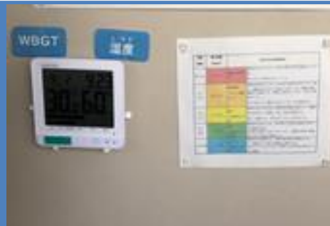
■保健室前には新型コロナウイルス感染防止のための消毒液と熱中症予防の張り紙・温度計・湿度計があります。
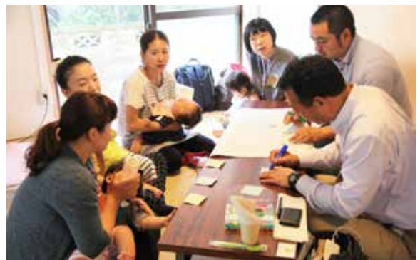
▲セレ部女子会の様子(平成28年5月11日 みんなのいえ(宇検))
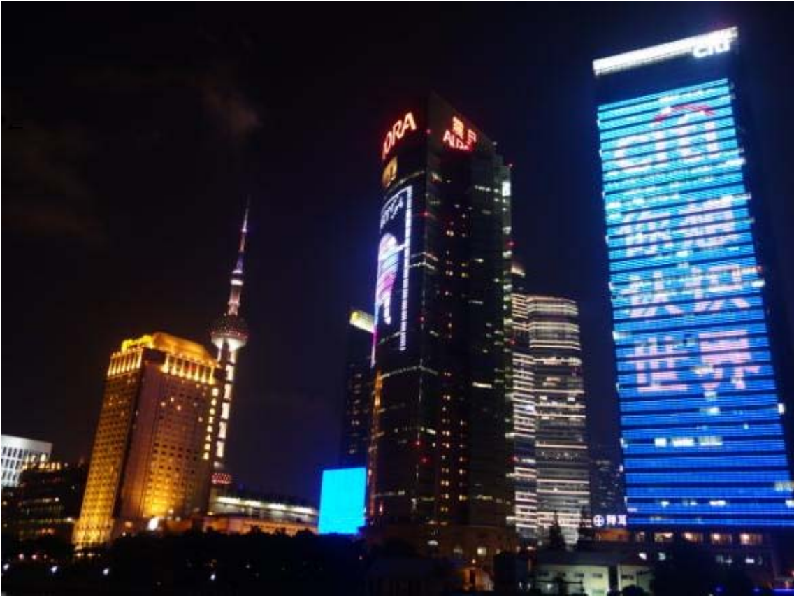
푸서지역에서 바라본 푸동 야경
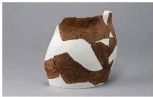
2 H-6出土土器 (第189图222)
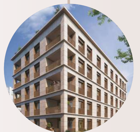
RÉSIDENTE FREYSSINET 06 DSUD.06
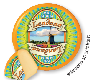
MEI-GOUDA 48+ /circa 12 kg
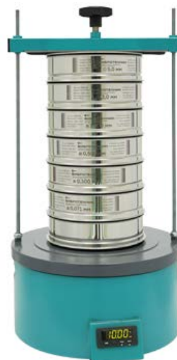
Рис. 2. Анализатор А 20
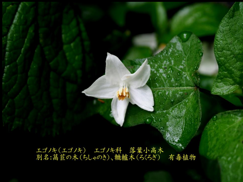
エゴノキ(エゴノキ) エゴノキ科 落葉小高木 別名:葛苺の木(ちしゃのき)、鞭轆木(ろくろぎ) 有毒植物
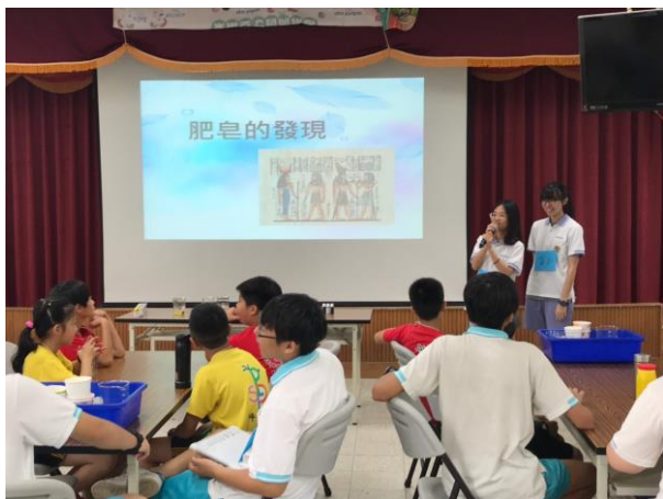
手做課程-肥皂製作
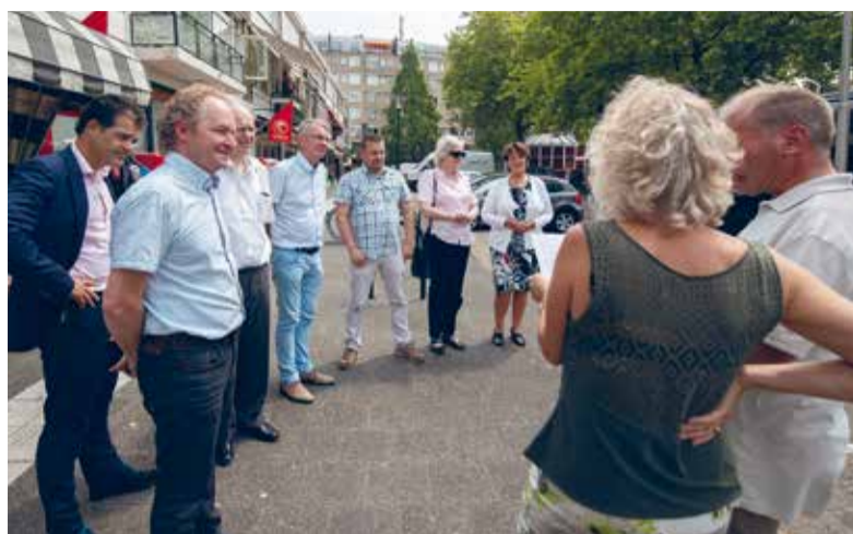
Het nieuwe college maakte een rondrit door alle wijken van Ridderkerk.

Ook in de ambtelijke organisatie wordt hierop stevig ingezet. De medewerkers van het Bureau Bestuursondersteuning
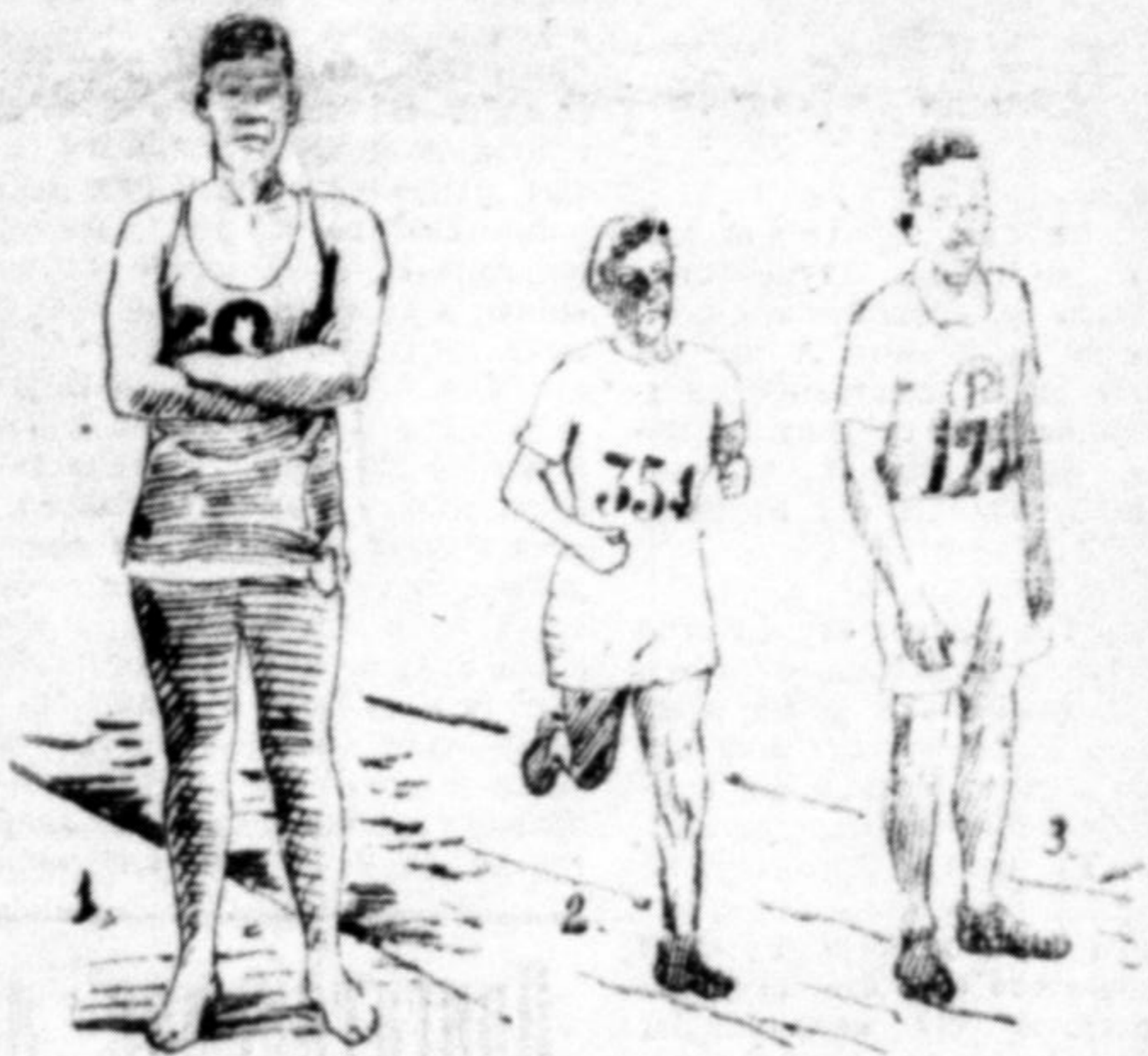
Наша ілюстрація представляє першого, другого і третього побідника в марафонському бігу. Перший, а про те найславніший з них, це 40-літній Фінляндець, другий Італієць третій Американець. Ширше про них і про марафонський біг (Олімпіяду) дивись стаття на стор. 4 і 5.
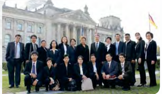
• คณะฯ ถ่ายภาพร่วมกันบริเวณหน้าอาคารรัฐสภา

ชาวเยอรมันให้ความสนใจในเรื่องการเมืองสูงมาก เนื่องจากมีการปลูกฝังและสร้างจิตสำนึกเรื่องการเมืองการปกครอง และการมีส่วนร่วมในทางการเมืองแก่ประชาชนให้สนใจตั้งแต่วัยเด็ก อีกทั้งสมาชิกรัฐสภาจะเป็นผู้ที่ประชาสัมพันธ์ให้กับประชาชนผู้สนใจ
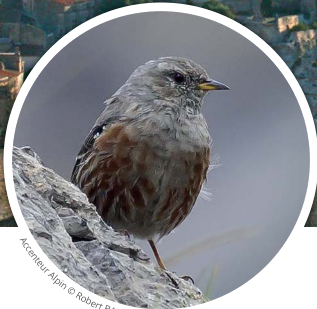
Accenteur alpin
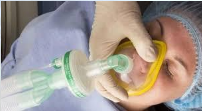
День анестезіолога - США
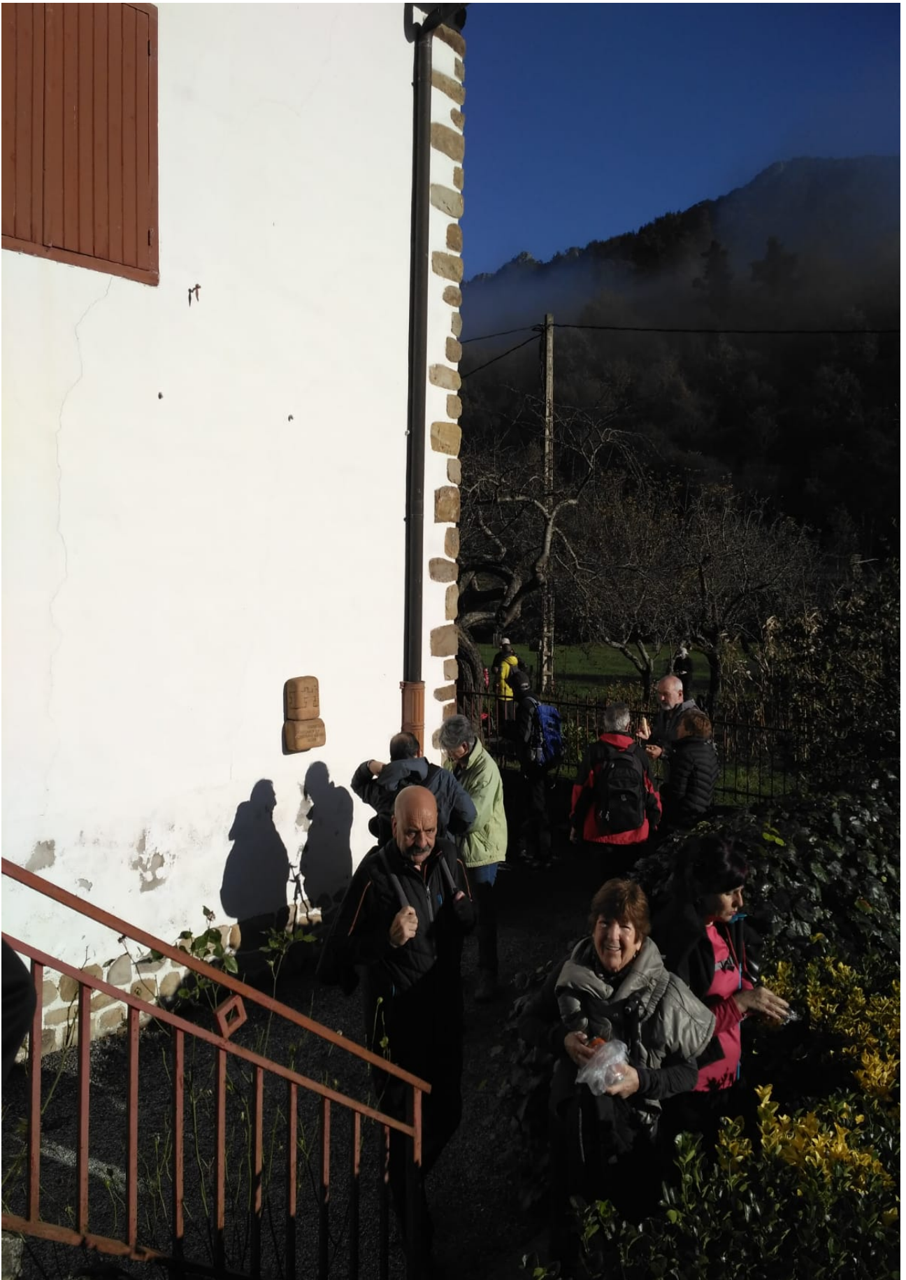
Ataungo Barandiaranen Sara etxean, atsedenaldi laburrean
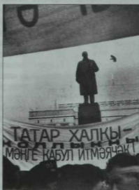
Онытылмас 90нчы еллар шигаре.
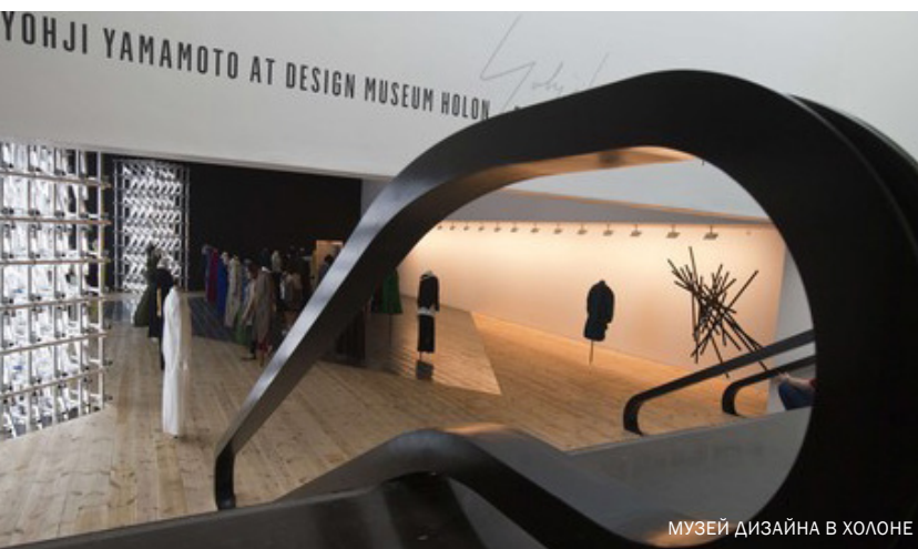
МУЗЕЙ ДИЗАЙНА В ХОЛОНЕ
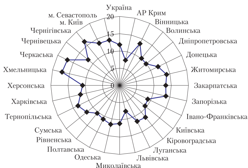
Рис. 1. Самооцінка стану здоров'я населення, %, 2008 р.
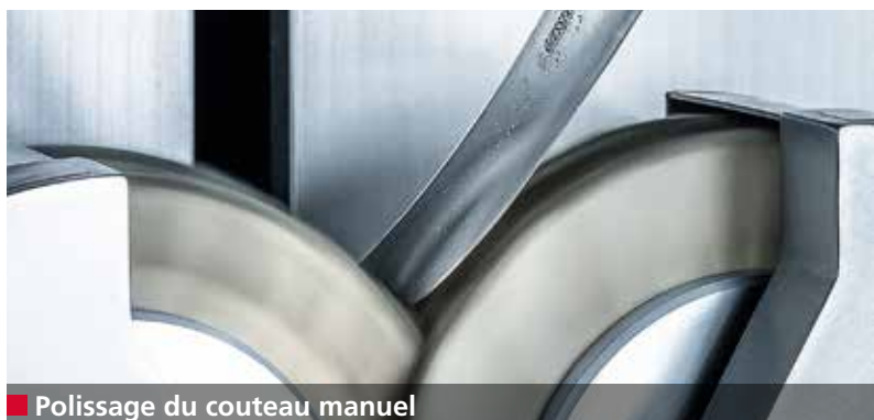
■ Polissage du couteau manuel

L'affûteuse E 50R affûte de manière entièrement automatique des couteaux à main de diverses formes et tailles.
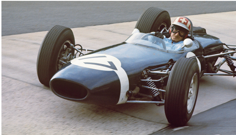
Jo Siffert 1965 mit einem Brabham-Rennwagen auf Nürburgring in Deutschland.

Mit einem Auto und dem Rennwagen auf dem Anhänger zog das «Siffert Racing Team», anfänglich bestehend aus Siffert und seinen beiden Mechanikern, los zu Rennen in ganz Europa. Siffert fuhr die Nacht durch, um am Morgen beim Training zu starten. Restaurantbesuche oder Hotelübernachtungen waren oft zu teuer. Rennteilnahmen
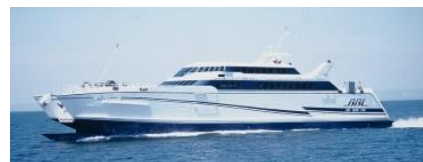
熊本フェリー オーシャンアロー
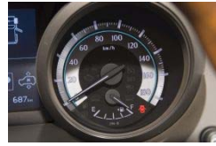
ガソリンチェック
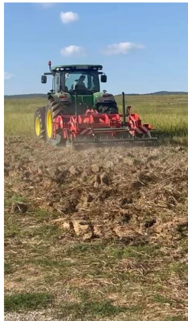
Slika 5. Podrivanje

Nakon oranja na dubini od 30 cm plugom Lemken, napravljena je dopunska obrada tla tanjuračem. Nakon kratke tanjurače, napravljen je prohod podrivačem kao što prikazuje Slika 5. i nakon podrivanja, ponovno tanjuranje kratkom tanjuračem (Slika 6.).
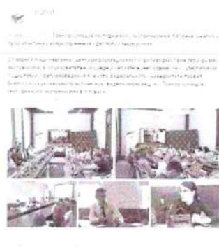
Рисунок 12 – Информация о прошедшем мероприятии
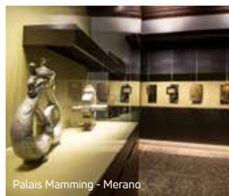
Palais Mammaing - Merano

════════════════

* Exercise brief: Report every line containing the string "Siffert" in the material.

* Answer space:
Jo Siffert 1965 mit einem Brabham-Rennwagen auf Nürburgring in Deutschland.
Mit einem Auto und dem Rennwagen auf dem Anhänger zog das «Siffert Racing Team», anfänglich bestehend aus Siffert und seinen beiden Mechanikern, los zu Rennen in ganz Europa. Siffert fuhr die Nacht durch, um am Morgen beim Training zu starten. Restaurantbesuche oder Hotelübernachtungen waren oft zu teuer. Rennteilnahmen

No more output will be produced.